The Opinion video above is the final episode in a series of three videos that take a stand against the death penalty in the United States. It features Charles Don Flores, who has been on death row in Texas since 1999, awaiting execution for a murder he insists he didn’t commit. That is where we met and filmed him.

The videos are in keeping with the editorial board’s longstanding position that the death penalty is full of bias and error, morally abhorrent, futile in deterring crime and should be abolished.

The series lands at a hopeful but still challenging time in the movement to get rid of capital punishment in the United States.

The death penalty has gradually been falling out of favor with officials and the broader public alike over the past three decades, in part owing to what the Death Penalty Information Center called “society’s greater understanding about the fallibility of our legal system and its inability to protect innocent people from execution.”

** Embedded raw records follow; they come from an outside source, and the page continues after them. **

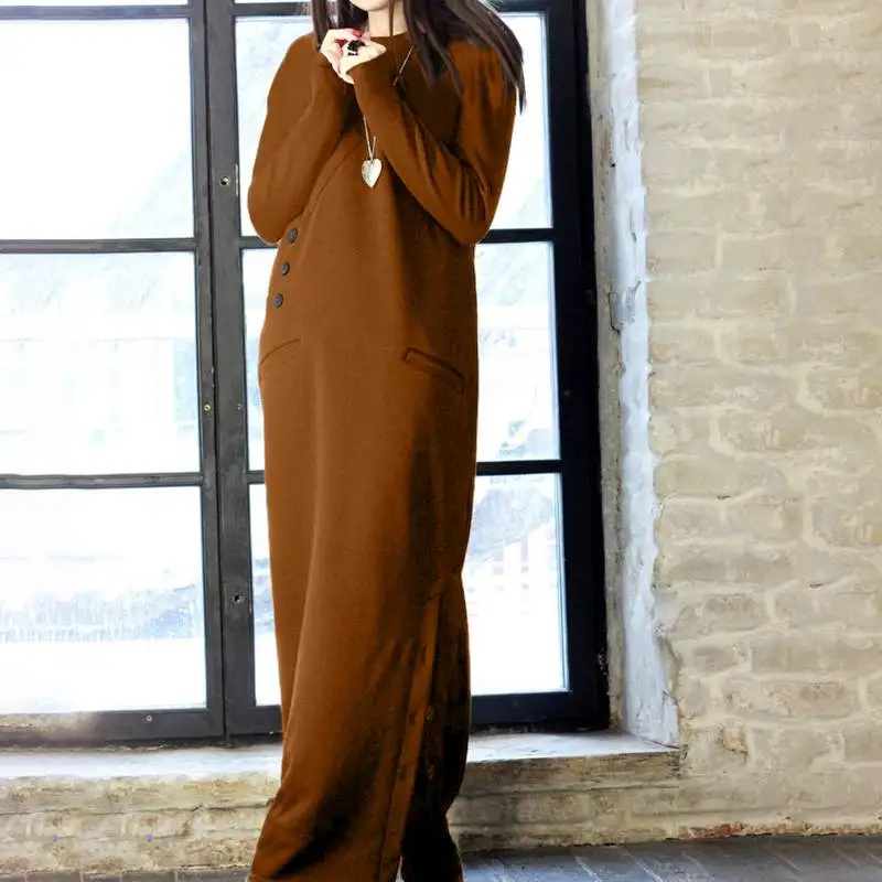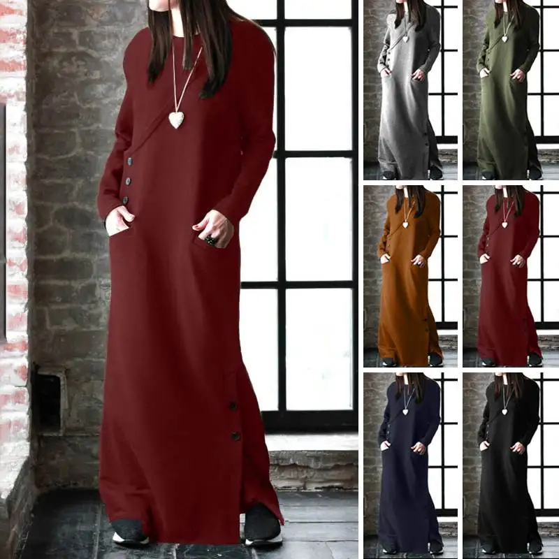 Женское платье-свитшот Celmia, Зимние флисовые толстовки с длинным рукавом, повседневные пуловеры с круглым вырезом, длинные платья макси на пуговицах, 2021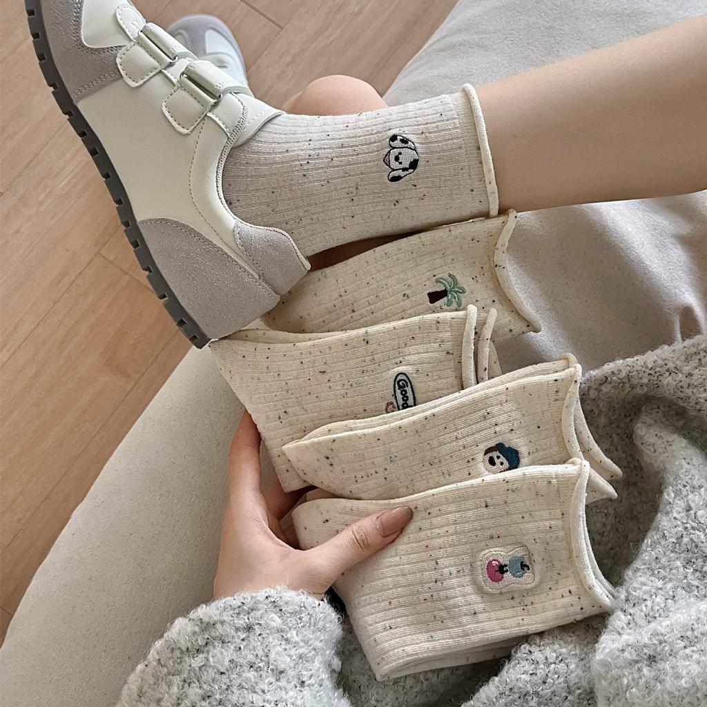 Boneless Socks Girls Tube Socks Rolled Edge Dot Gauze Embroidered Puppy Girl Socks Trendy Cute Student Stockings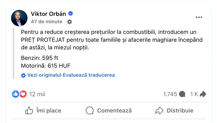 „Din păcate, ca urmare a războiului din Iran și a blocadei petroliere din Ucraina, explozia prețurilor internaționale ale petrolului a ajuns și în Ungaria. Prețurile combustibililor au început să crească brusc în toată Europa. Prin urmare, guvernul a decis în ședința de astăzi să protejeze familiile, antreprenorii și fermierii maghiari de creșterile de prețuri.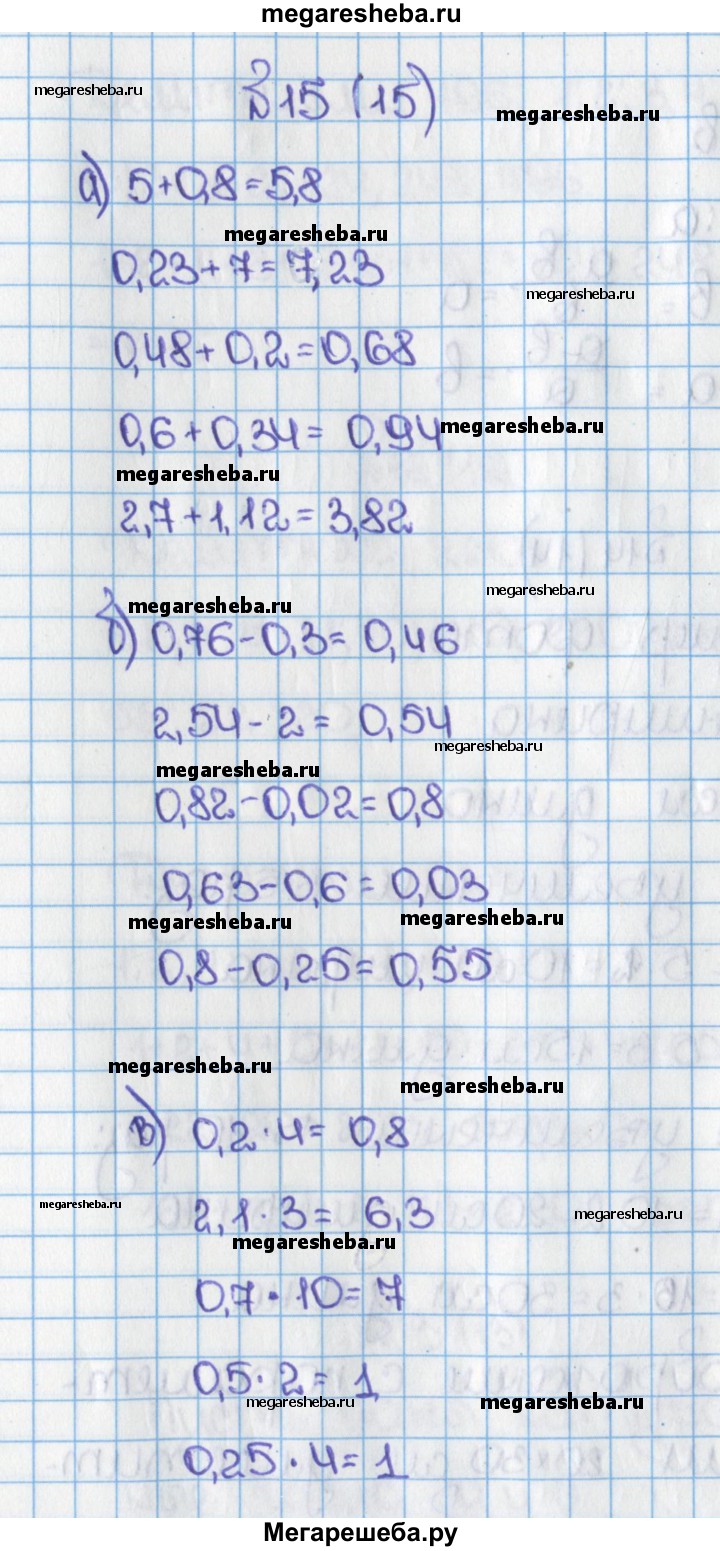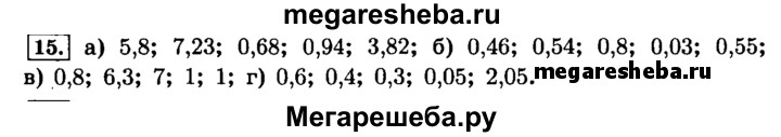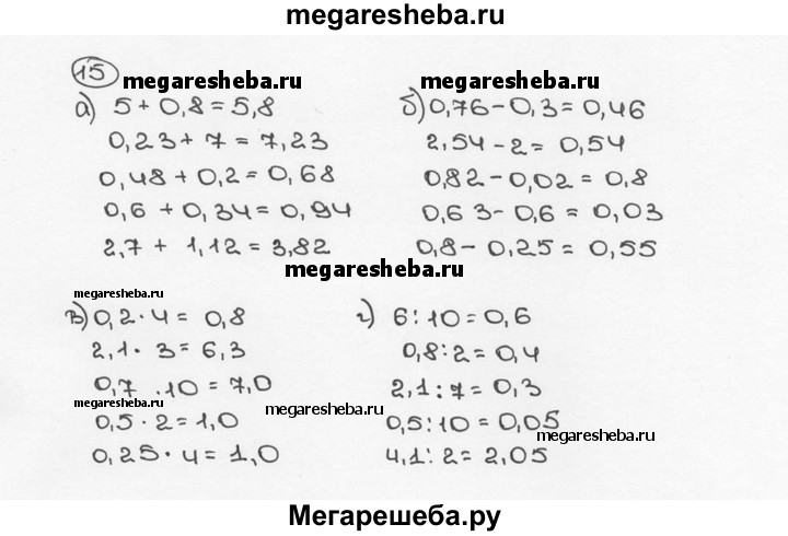 15. Вычислите устно: а) 5 + 0,8; 0,23 + 7; 0,48 + 0,2; 0,6 + 0,34; 2,7 + 1,12; б) 0,76 - 0,3; 2,54 - 2; 0,82 - 0,02; 0,63 -0,6; 0,8 - 0,25; в) 0,2 * 4; 2,1 * 3; 0,7 * 10; 0,5 * 2; 0,25 * 4; г) 6 : 10; 0,8 : 2; 2,1 : 7; 0,5 : 10; 4,1 : 2.
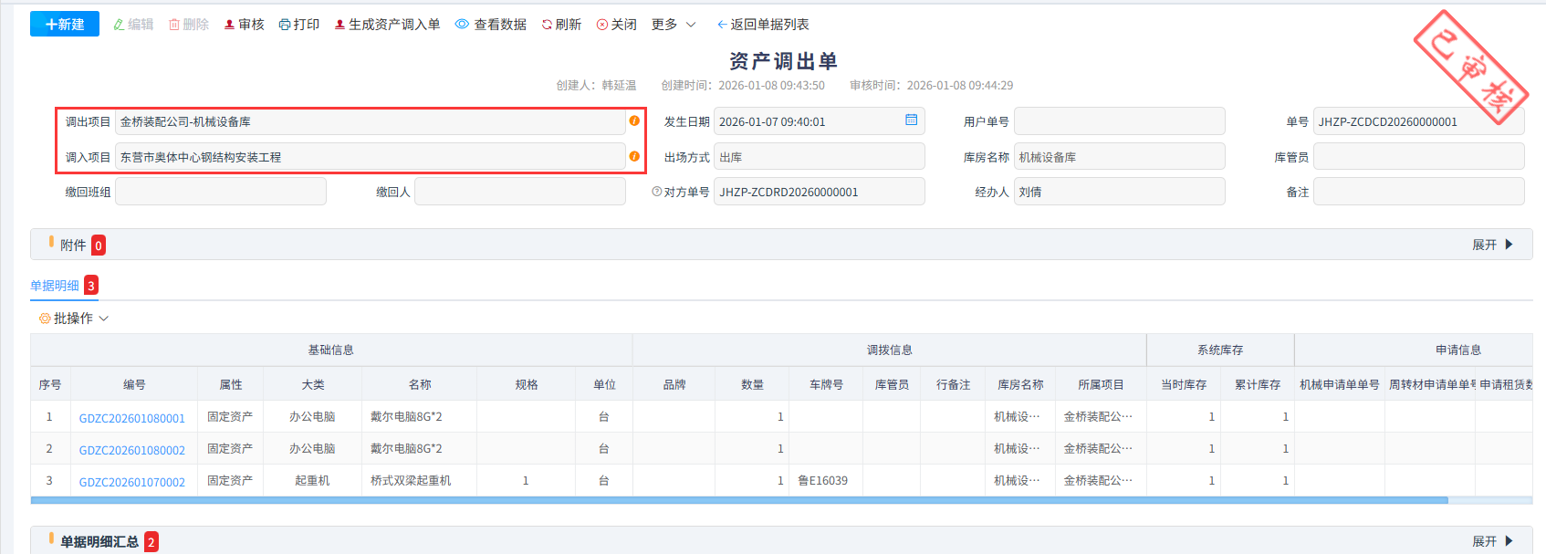 資產(chǎn)調(diào)入是指企業(yè)將資產(chǎn)從其他項目、部門或倉庫轉(zhuǎn)入特定使用地點的流程,資產(chǎn)調(diào)入單須通過已審核的資產(chǎn)調(diào)出單生成,生成過程中調(diào)入方可根據(jù)實際情況選擇入庫和即入即出(此選項不進入庫房,領(lǐng)用無需出庫)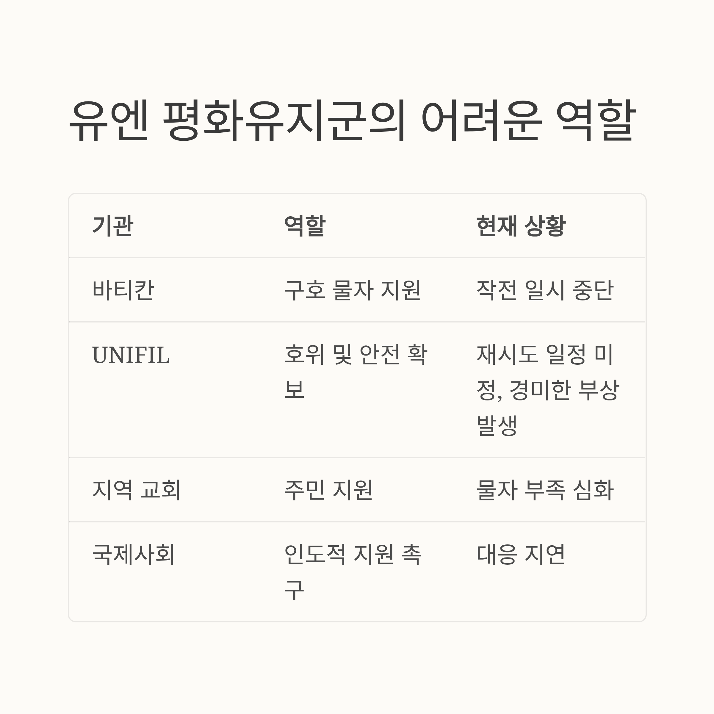UNIFIL은 구호 차량의 안전한 이동을 지원했지만, 예기치 못한 포격으로 인해 임무를 중단해야 했습니다. 이 과정에서 일부 평화유지군이 경미한 부상을 입었으며, 현재로서는 재시도 일정이 정해지지 않은 상태입니다.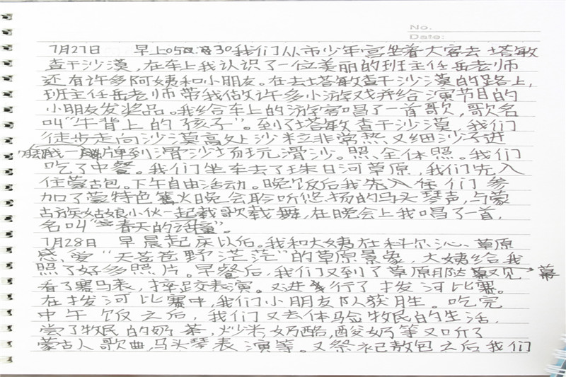 早統一集合后,赴通遼塔敏查干沙漠,體驗了刺激的滑沙活動,在廣袤的沙漠內進行了寫生繪畫、沙漠內舉行沙漠足球、拔河比賽、沙漠徒步走五公里等精彩的活動,并評出優秀徒步隊員。短暫而又舒適的休息后赴科爾沁草原腹地——珠日河草原,熱情好客的蒙古族同胞們為大家展現了草原馬隊迎賓、科爾沁草原迎賓禮、敬下馬酒,晚上宿蒙古包,真真切切體驗了一把游牧民族的生活。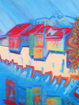 2005huisjes zoals ze in het zuiden van Spanje tegen een stadmuur aanleunen met frisse kleuren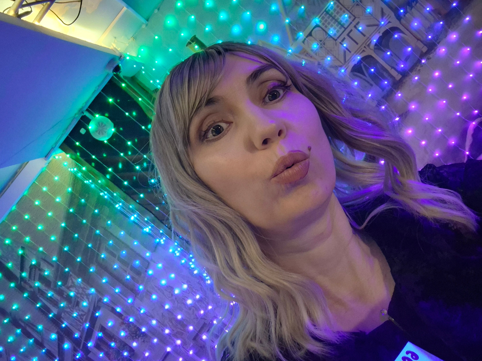A woman with blond wavy hair and bangs is taking a selfie in a room decorated with strings of colorful LED lights. The lights transition from green to blue to purple. A disco ball is visible near the…read more

The number of states that have rejected capital punishment has increased steadily since the late 1990s. Twenty-nine states have now either abolished the death penalty or have paused executions by executive action, up from 12 states in 1999.

Last year, for the first time, a Gallup poll found that more Americans believe the death penalty is administered unfairly than fairly (50 percent versus 47 percent). And the percentage of people who support the death penalty has fallen steadily since the mid-1990s, according to Gallup, dropping to 53 percent this year, a five-decade low.